Sanchez, Pedroza, Arguello, Saldivar, Canto, Harada, Rudkin, Pep, Saad, Ohba, Marcel and Buchanan were all monsters in the championship rounds who got either got stronger as the late rounds went on and kept ratcheting up their output round by round or/and maintained perpetual movement and fought at a pace moving laterally and backwards punching on the move for the full 15. I still think that Buchanan is underrated in this regard because of his short peak and style. He was immensely strong despite not being a huge puncher and was still up on his toes triple jabbing, jigging and maintaining cyborg like punch stats in the 15th grinding the likes of Laguna, Watt and Navarro down. The way he was able to outgrit Laguna in the heat in Puerto Rico was immense. Even when getting knocked about Duran he didn't look tired or discouraged, nor when he couldnt see in the late rounds against Ishimatsu and was being hit at will like a bobble head doll.
Joe Calzaghe, Aaron Pryor, Vito Antuofermo, Anthony Crolla, Sergio Martinez, Ricky Burns and Steve Collins spring to mind.
Guys that went 50-60 rounds back in the old days...can't believe anyone could fight that long. No mouthpieces, probably no cup protectors, small gloves.
Jem Carney is a real stand out from back then. A freakish ability to seemingly get stronger after fighting an insane duration
Surprised no one has mentioned Sugar Ray Leonard. The man could summon reserves of energy from nowhere. See: Leonard v Hearns rounds nine on…

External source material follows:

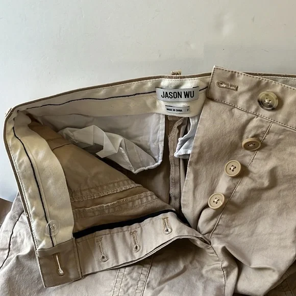 Jason Wu | High Waist Cargo Khaki pant ankle length button front. Cotton stretch. Excellent used condition. Bundle to save. FAST SHIPPER. !Measurements flat layWaist 14”Rise 12”Inseam 26”Bottom width 8”See photos for more details
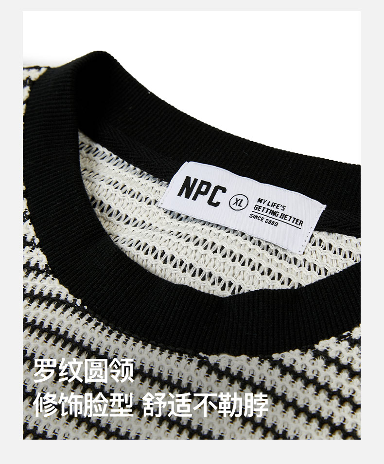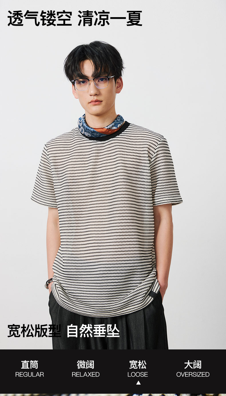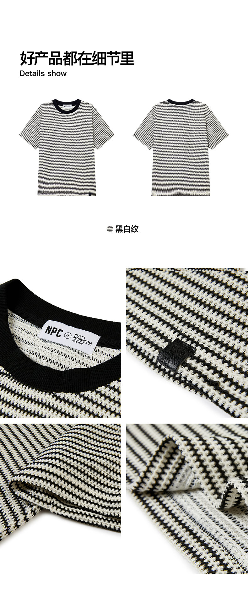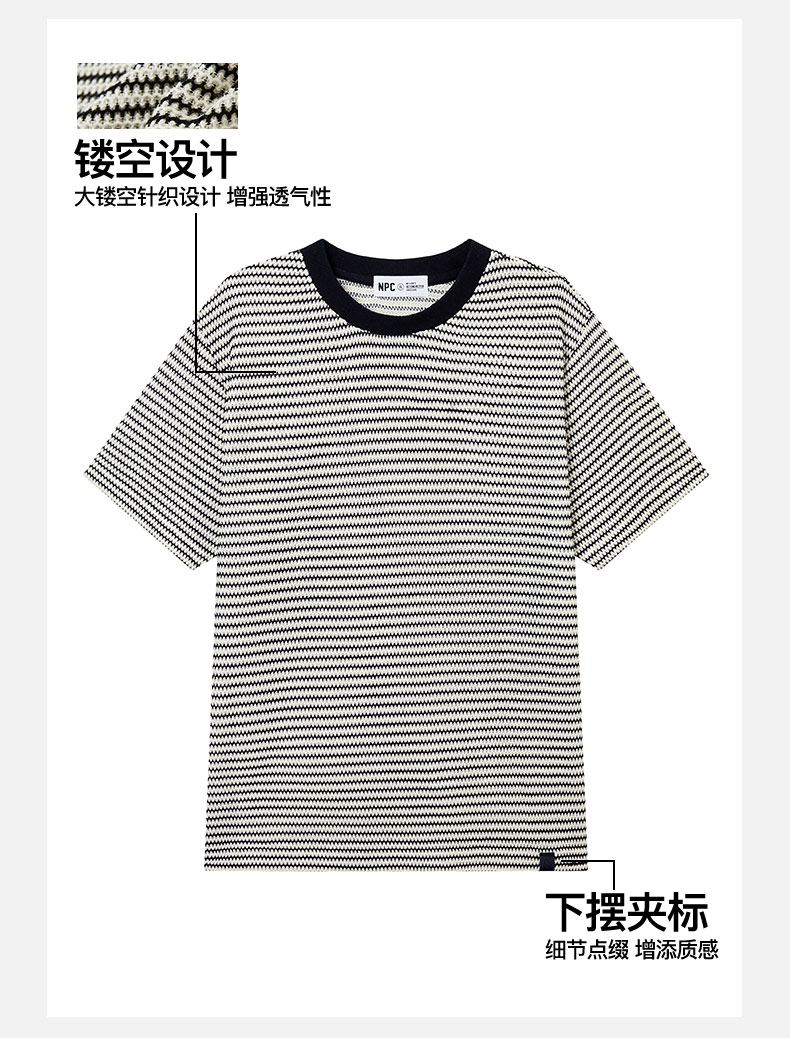 NPC潮牌撞色条纹镂空圆领百搭T恤男微弹落肩廓形舒适宽松NP52TE09

Jeff Fenech was like a human windmill, he fought at a frantic pace and kept that pace going from start to finish. Daniel Zaragoza is another fighter that never seemed to tire.
The Marcos Geraldo fight comes to mind. Geraldo constantly pushing forward full steam like a mad man intent of landing something anything. SRL evades jabs and pounds him every time round after round effortlessly. Never even looks tired dispute never getting to rest for 5 seconds the entire fight.